It will be nice if we could low the sample rate to increase delay time, is it possible ?
It’s not been a high priority but it’s definitely possible to implement this. The codec is called WM8731 and supports sampling rates from 8 kHz to 96 kHz.
I’ve created an issue: Support variable sample rates · Issue #24 · pingdynasty/OwlWare · GitHub
Meanwhile you could try down/up-sampling inside the patch. I don’t know gen~ but maybe you can write every other sample into the buffer, then when reading use interpolation to fill in the gaps?
As a musician I am interested to have longer delays possible and downsampling will be a good choice, lofi is always a good friend
I’m a Max/Msp advanced user but I’m yet not so expert in gen~, I’ll try something and let you know.

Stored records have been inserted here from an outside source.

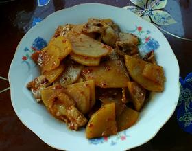 放入煸熟的猪肉片,翻炒。放入适量的白糖和食欲调味。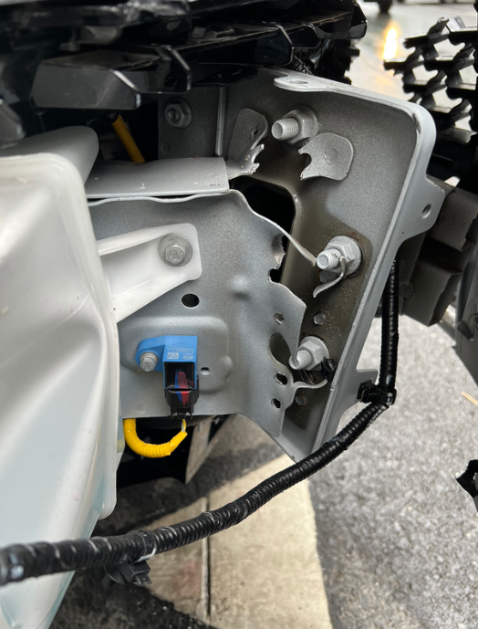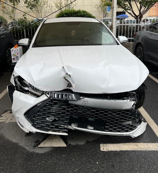 防撞梁都快断了,气囊没弹出来 前两天车子撞了护栏,前面都撞成这样了,安全气囊没有弹出来。 送到4s店后请厂家检测了大概四五天,最后就说没有触碰到图三蓝点的感应器。 请教一下大家这个正常吗?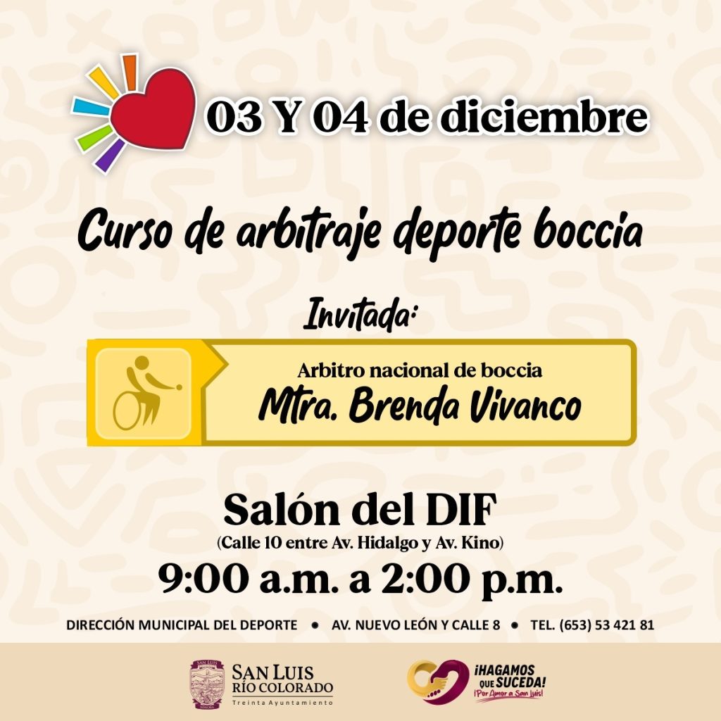 El martes 03 y miÃrcoles 04 nuevamente en el SalÃn DIF (Av. Hidalgo y 10) se brindarà un curso de arbitraje de boccia impartido por Brenda Vivanco, quien es Ãrbitra nacional de este popular deporte paralÃmpico, finalmente, el viernes 06 se llevarà a cabo un evento deportivo en el CAM #10 (Av. MÃxico y 12) en donde los participantes podrÃn realizar tenis de mesa, boccia, paratletismo, lanzamiento de pelota, carreras, entre otros.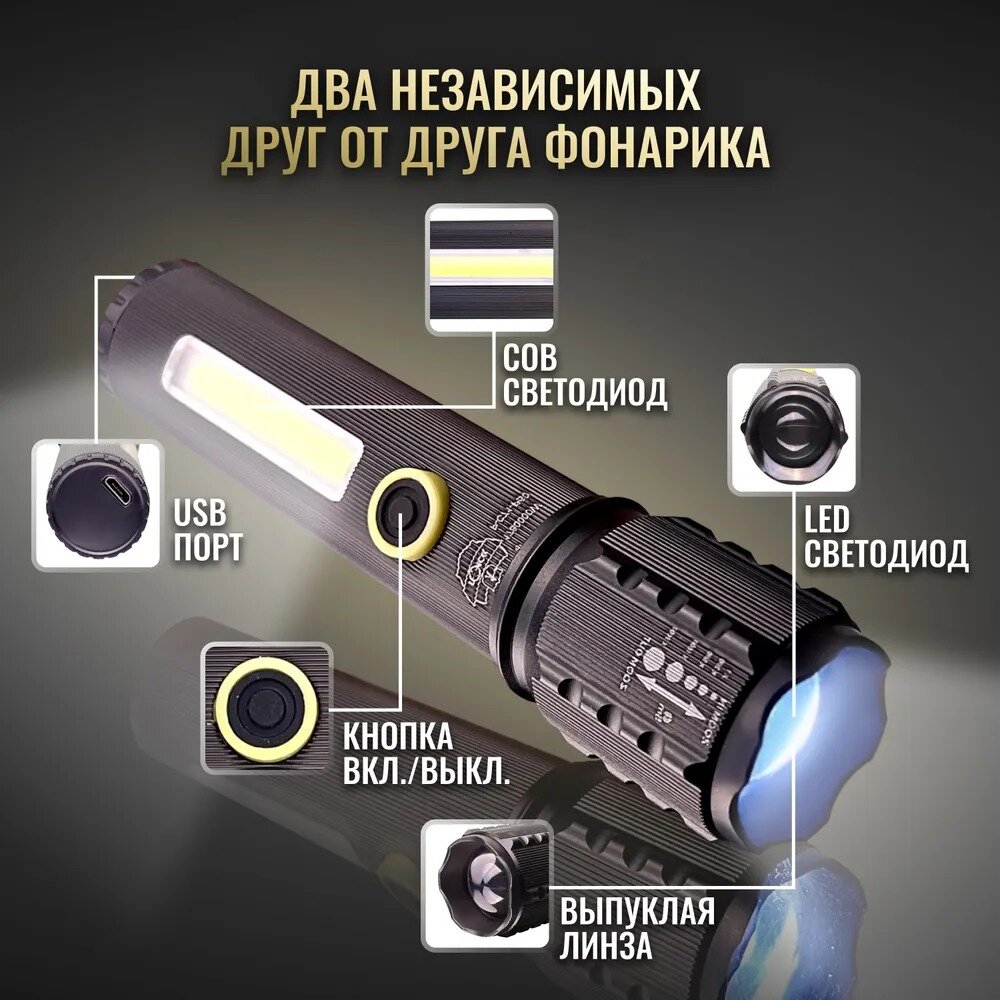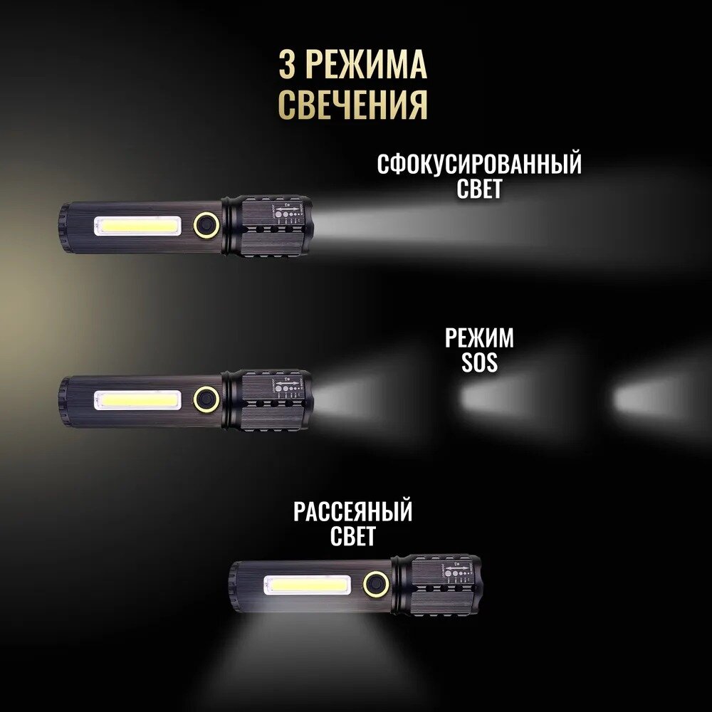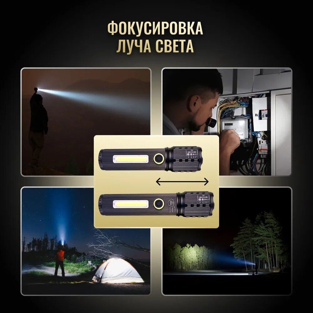 Фонарь ручной аккумуляторный на магните, с зарядкой micro USB сверхъяркий/с регулировкой фокуса/для работы, походов интересное:

Anyway, is there a way to upgrade the Owl Pedal ram to a greater one ?
Thanks.
Hey Perk,
I’m not sure what you mean by longer delays possible but destructive (aliasing) downsampling is not very difficult. I think Max has [downsamp~] and gen has an example in Max7 (search for bitrcrush in max file browser) which is a simple bitcrusher. Basically it all works based on a sample and hold unit that is triggered at the rate you want to downsample to, effectively holding and overwriting samples in your buffer for the duration between triggers.
If you want downsampling without aliasing you’re facing some more difficult implementations: you will want to further bandlimit your discrete input (anti-aliasing filter before downsampling e.g. lowpass) before downsampling to avoid reflecting higher frequency content of your input back into audible range when downsampling causing aliasing distortion.
HTH.
Cheers,
Ben
Thanks for the reply, Ben.
Actually I would like to reduce the sample speed, not the bit resolution, to achieve more delay time as we use to do in older samplers as Roland S.550. For example, if we have 125000 samples of delay time @48000 Khz shall be cool if we could set S/R to @24000 Khz to achieve 250000 samples. The aliasing will not be a big deal to fix in some way.
Sorry for my bad english
Cheers
Sure, i think we mean the same thing by downsampling… I was not referring to lowering bit depth resolution but rather changing the sample rate of an already sampled signal. So drop the SR from 44.1kHz to 11025Hz or for example. In old samplers the codec often didnt support high SRs like ADCs do today. So yeah, if you can deal with aliasing in a patch, then your good.